夏油杰笑呵呵地揣着手:“这可是我深思熟虑的结果。”
“你是觉得你凭借这几个只有三脚猫功夫的诅咒师,就能大张旗鼓地从五条悟眼皮子下把乙骨带走吗?”
“哎呀哎呀,”夏油杰撑着脸感叹,“你和悟还是真像啊。”
“被你这样评价,我的家人们可是会伤心的噢,接下来还要合作,就别闹矛盾了。”
实花冷笑一声。夏油杰继续阐述他的计划。
“我将释放我这么多年储存的两千多只咒灵,作为战斗力投入战场,京都那边由真奈美、祢木利久、拉鲁负责,而新宿这边,考虑会对上五条悟,所以交给你了。”
“实花。”
实花觉得脑子里有个筋蹦了一下,她确信,自己在这一瞬间真的很想弄死夏油杰。
但是这家伙……
实花咬牙切齿,不做回应。旁边的米格尔用他那蹩脚的日语道:“这位小姐看起来不是很配合啊?”
“没事的,米格尔,”夏油杰神色安定,他有十足的把握,“这里只有她能拖住五条悟。”
“哦?拖住六眼无下限吗?”米格尔发出惊奇的声音,对于接下来的战斗,他十分期待,“那我只用在旁边打打辅助就够了吧。”
夏油杰颔首。他站起身,双手展开,掌心向上,除了实花外,其他的诅咒师也都站了起来。
“来吧家人们,为了这一战!”
他陈词慷慨激昂:“为了我们的世界,拼尽全力,现在。”
他一挥衣袖,一只咒灵拉开障子门,会议室外,一只鹈鹕形态的飞行咒灵已垂首就位。夏油杰环顾整间和室,唯独在实花那多停了两秒。
他咧开嘴角,竟是分外享受:“让我们前往高专宣战吧。”
实花在心里轻声道:疯子。
这样去和高专硬碰硬,和寻死有什么区别?
一个念头自实花心中划过:如若夏油杰真的只是想寻死呢?
她并不理解。实花被迫上了飞行咒灵,因为夏油杰要求全员出动。他们很快便抵达了高专,咒灵张开嘴,诅咒师们一个接一个爬了出去。
唯有实花没有动作,她坐在咒灵嘴里,试图理解夏油杰此举的意义。
她知道夏油杰最看中的就是意义。
那个穿着校服的少年温润如璞玉,站在暖和咸湿的海风里同她说咒术师的职责,说这个世界的运行规则。
他曾经那么坚信这些,坚定的信念也曾照拂过她。
那么是从什么时候开始,原本光洁的玉石表面出现了裂痕呢?
实花深吸一口气,感觉喉管割得生疼。
算了吧,她想,可能她确实错过了太多了,现在挽回也迟了。
她不再去想。
外面吵吵嚷嚷的,一会是夏油杰的声音,一会是乙骨忧太的声音。一阵密集混乱的脚步声穿来,是高专被惊动的术师们赶来了,实花听见了五条悟的声音。
“可以别给我的学生传递过激思想吗?杰”
“好久不见,悟。”
他们互相打了个招呼。实花默默将脸埋进臂弯里。
夏油杰阐述了来意,五条悟的声音听起来格外冷淡——他看向了咒灵的位置,神色漠然,扬声道:“既然都来了,不出来露个脸吗?”
“实花。”
这个名字令高专众人集体僵住。夏油杰分外期待高专接下来的反应,于是他迫不及待地抬起手,手指扬了扬,咒灵听令,将唯一赖着没动的实花用舌头拱了出来。
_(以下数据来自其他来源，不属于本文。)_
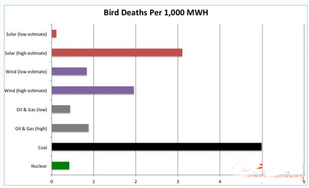 圖表:美國各種發電方式對致死鳥類的影響

实花被推得往前走了两步,她理了下乱七八糟的鬓发,想要扭开脸。
但是五条悟速度更快,他瞬移到实花面前,伸手拽住她,迫使她转过脸来。
那张脸。众人哗然。
七海、冥冥攥紧手里武器,审视的目光在实花和夏油杰之间徘徊。
硝子夹着烟的手一僵,她甩掉烟,无视掉被烟灰烫到的手背,她挤开两边的术师走到了最前边的位置,这才确定,是实花无疑。
夜蛾震惊道:“实花?!”
实花心里一阵翻江倒海。
四面八方聚集的目光中,五条悟抓着她的手指微微松开,实花却没急着挣脱——反正看都看见了,她想,但是她是背负了恶名被处以死刑的渡,她对于高层的一些决策,有着经验上的熟悉。